Other expense, net for the three and nine months ended September 30, 2010 was income of $0.5 million and expense of $11.4 million, respectively, versus other income of $2.3 million and $8.5 million for the same periods ended September 30, 2009. The expense in 2010 is primarily the result of $6.7 million in currency losses as the company was negatively impacted by currency volatility. In addition, we finalized the liquidation of a dormant company in Europe within the Foodservice segment which resulted in reclassifying currency losses of $2.5 million from Accumulated other comprehensive income into other expense, net. The balance of the 2010 expense is primarily related to bank fees. The 2009 periods were positively impacted by currency gains.
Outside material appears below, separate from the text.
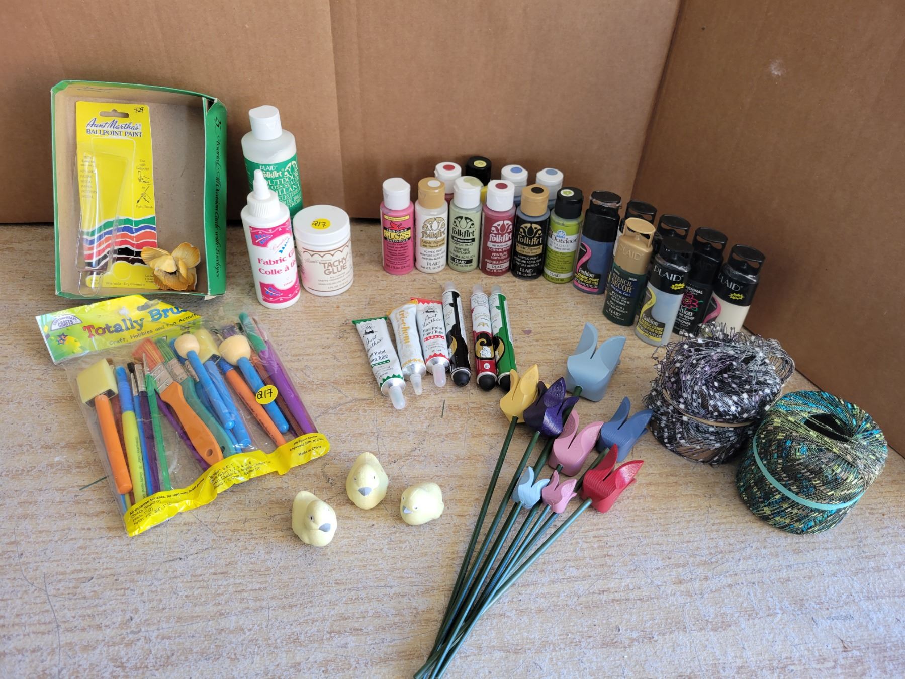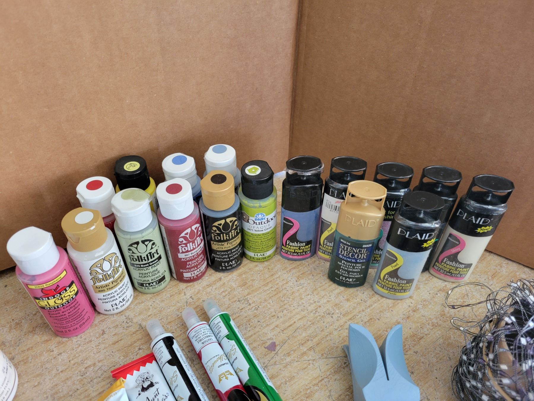 Large lot of arts & crafts supplies - lots of paint, fabric paint, & glue

Cash and cash equivalents balance as of September 30, 2010 totaled $113.2 million, which was an increase of $7.4 million from the December 31, 2009 balance of $105.8 million. Cash flow provided by operating activities of continuing operations for the first nine months of 2010 was $53.0 million compared to $201.1 million for the first nine months of 2009. The contraction in cash flow was primarily driven by negative working capital results from increases in receivables and inventories only partially offset by related increases in accounts payable. The prior year also included a $70.0 million settlement payment made in connection with the settlement of a long-standing, non-operational legal matter relating to Enodis, during the first half of 2009. See further detail related to the legal settlement at Note 15, Contingencies and Significant Estimates.
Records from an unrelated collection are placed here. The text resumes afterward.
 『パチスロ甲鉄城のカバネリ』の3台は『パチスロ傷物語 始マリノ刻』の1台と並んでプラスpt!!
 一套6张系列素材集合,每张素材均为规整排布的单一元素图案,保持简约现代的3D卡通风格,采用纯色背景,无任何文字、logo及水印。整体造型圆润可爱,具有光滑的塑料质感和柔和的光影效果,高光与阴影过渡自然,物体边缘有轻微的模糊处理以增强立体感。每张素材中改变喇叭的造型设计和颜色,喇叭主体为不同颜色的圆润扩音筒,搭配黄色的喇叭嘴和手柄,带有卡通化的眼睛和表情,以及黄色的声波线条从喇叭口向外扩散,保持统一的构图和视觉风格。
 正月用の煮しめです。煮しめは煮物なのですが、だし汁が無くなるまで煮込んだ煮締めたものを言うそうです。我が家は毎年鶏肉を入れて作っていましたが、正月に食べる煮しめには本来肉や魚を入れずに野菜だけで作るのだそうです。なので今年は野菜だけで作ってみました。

The cash and cash equivalents balance as of September 30, 2009 totaled $158.5 million, which was a decrease of $14.5 million from the December 31, 2008 balance of $173.0 million. Cash flow provided by operating activities of continuing operations for the first nine months of 2009 was $201.1 million compared to cash provided of $112.9 million for the same period in 2008. During the first nine months of 2009 the source of cash was primarily driven by effective working capital management resulting in reductions of accounts receivable and inventory levels by $210.6 million and $237.6 million, respectively. Partially offsetting this was a decrease in accounts payable by $271.2 million and a $70.0 million settlement payment made in connection with the settlement of a long-standing, non-operational legal matter relating to Enodis, during the first half of 2009. See further detail related to the legal settlement at Note 15, Contingencies and Significant Estimates.
In April 2008, the company entered into a $2.4 billion credit agreement which was amended and restated as of August 25, 2008, to ultimately increase the size of the total facility to $2.925 billion (New Credit Agreement). The New Credit Agreement became effective November 6, 2008. The New Credit Agreement includes four loan facilities a revolving facility of $400.0 million with a five-year term, a Term Loan A of $1,025.0 million with a five-year term, a Term Loan B of $1,200.0 million with a six-year term, and a Term Loan X of $300.0 million with an eighteen-month term. The company is obligated to prepay the three term loan facilities from the net proceeds of asset sales, casualty losses, equity offerings, and new indebtedness for borrowed money, and from a portion of its excess cash flow, subject to certain exceptions. Term Loan X was repaid in full. At September 30, 2010 the interest rates for Term Loan A and Term Loan B were 5.56% and 8.00%, respectively. Including interest rate swaps, Term Loan A and Term Loan B interest rates were 6.56% and 8.43% respectively, at September 30, 2010.